Time to Study Your History
Time to Study Your History
Do you have time to read history? The situation in America, Britain and across the globe is now a slow-motion world crisis ready to explode. And for that reason, I submit to you that you no longer have time not to read history.
When Winston Churchill faced his world crisis, he had to muster every ounce of knowledge, wisdom and courage he had accumulated over his lifetime to try to save his people, their nation and its virtues. Imagine if that lifetime had been spent absorbing frivolous content. He could have never become the one statesman alive whom God could use to save Western civilization.
What was it that Churchill had devoured and relied upon as the world crisis struck?
History.
To him, history was more than a subject or a hobby. It was his identity. William Manchester wrote in The Last Lion: Visions of Glory, “Churchill did not simply observe the historical continuum; he made himself part of it. … He did not live in the past; the past lived on in him.” History became Winston Churchill’s personal memory.
“History was the way he understood the world, the lens he used to bring reality into focus,” Stephen Mansfield writes in Never Give In: The Extraordinary Character of Winston Churchill. “Churchill thought historically, meaning that he understood life in terms of generations, great men, the succession of ages, heroic events, noble conflicts and the linear connections of time. … For him history was more than something to study; it was a way of thinking.”
One of the history books Churchill read was Exodus. He wrote an essay in 1931 titled “Moses: The Leader of the People” that rejected the skeptics’ claim of Moses being only an allegorical figure. He asserted that he was not only real, but “the national hero.”
Churchill wrote this essay at the beginning of his “wilderness years” of being a political outcast. Every prophet, Churchill wrote, must go into the wilderness: “He must have a strong impression of a complex society and all that it has to give, and then he must serve periods of isolation and meditation. This is the process by which psychic dynamite is made.”

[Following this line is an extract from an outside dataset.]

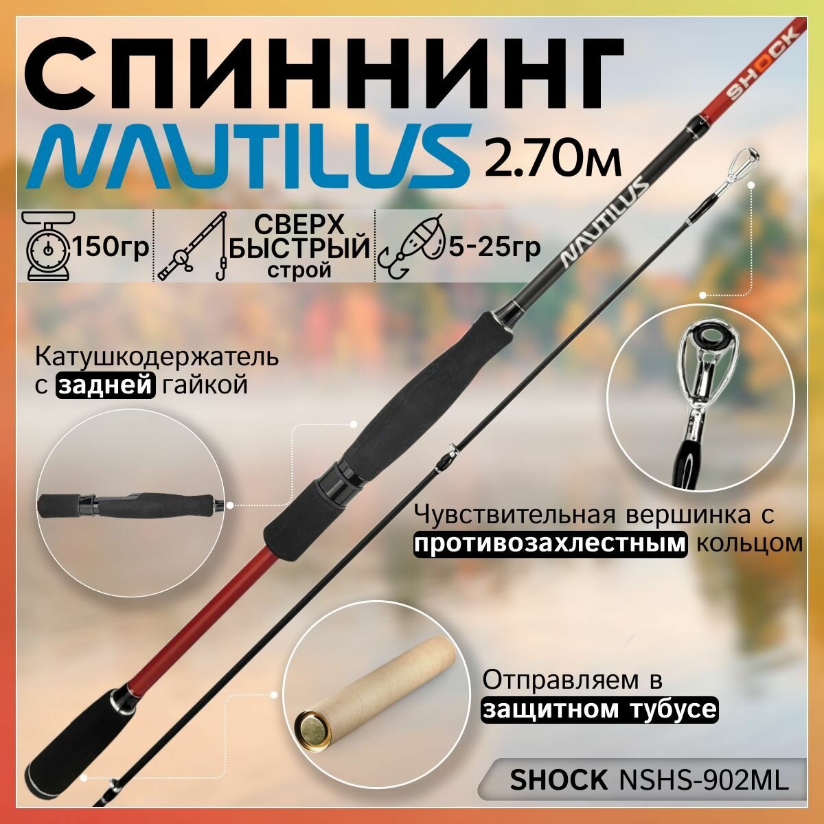 Купить Спиннинг Nautilus SHOCK NSHS-902ML 2.70м 5-25гр

Churchill dove into history. He wrote his four-volume, million-word masterpiece Marlborough between 1933 and 1938, while his colleagues disarmed Britain and he was the lone, almost powerless voice warning against it. This deep dive into history helped prepare him for Britain’s darkest hour.
Henry Steele Commager wrote this about Churchill’s famous ancestor and Britain’s most decorated general: “The hero was a man after Churchill’s heart: the greatest soldier in the annals of the race, ever victorious and ever magnanimous …. But the theme was more than biographical; it was nothing less than the theme of the struggle for Europe” (emphasis added).

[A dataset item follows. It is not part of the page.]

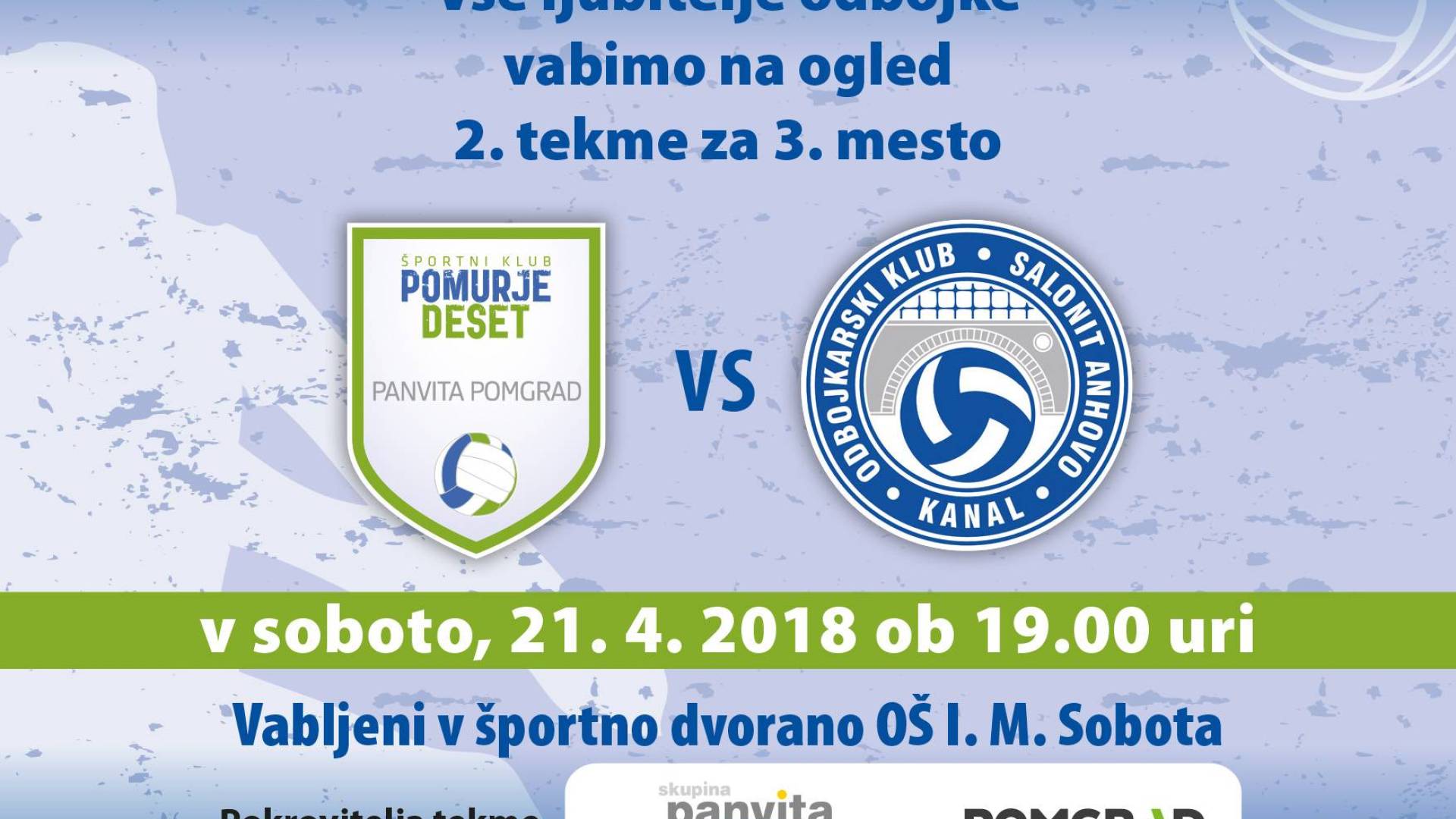 Pokrovitelja tekme sta Skupina Panvita in Pomgrad.

This was more than a work of history, said one British historian. This was a biography that changed history. When Churchill finally came to power in 1940, he was prepared for battle. The story from his nation’s glorious past—a story he knew well—continued living right into the present.
Winston Churchill was advised, inspired and motivated by giants of history like Moses and the duke of Marlborough.
Whether or not he knew it, the history of the Israelites recorded in Exodus was literally personal to Churchill, and not just because the British needed supernatural deliverance. Just as Marlborough was, the Israelites were in fact his ancestors.
In fact, the Israelites are your ancestors. Their history is your history. This is true of those who physically descended from the Israelites (mainly the modern English-speaking peoples), but it is also true in a spiritual sense of those who are in God’s true Church, “the Israel of God” (Galatians 6:16). As a Trumpet reader, you are in close contact with that Church. It is possible you could be among those few whom God is calling into it.
The Bible clearly establishes that God’s Church is spiritual Israel. The history of the Church and the history of its predecessor, physical Israel, is the most important history you can study. This is especially true as we face the unfolding crisis. You are going to need every bit of true, deep, actionable history you can get your mind on.
Like Churchill, we are living in historic times. It is time to drop the distracting smartphone apps, the gaming, the frivolity and dissipation. It’s time to devote your precious hours to serious pursuits that could very well be life-saving pursuits. It’s time to become part of something bigger than yourself. It’s time to become part of history.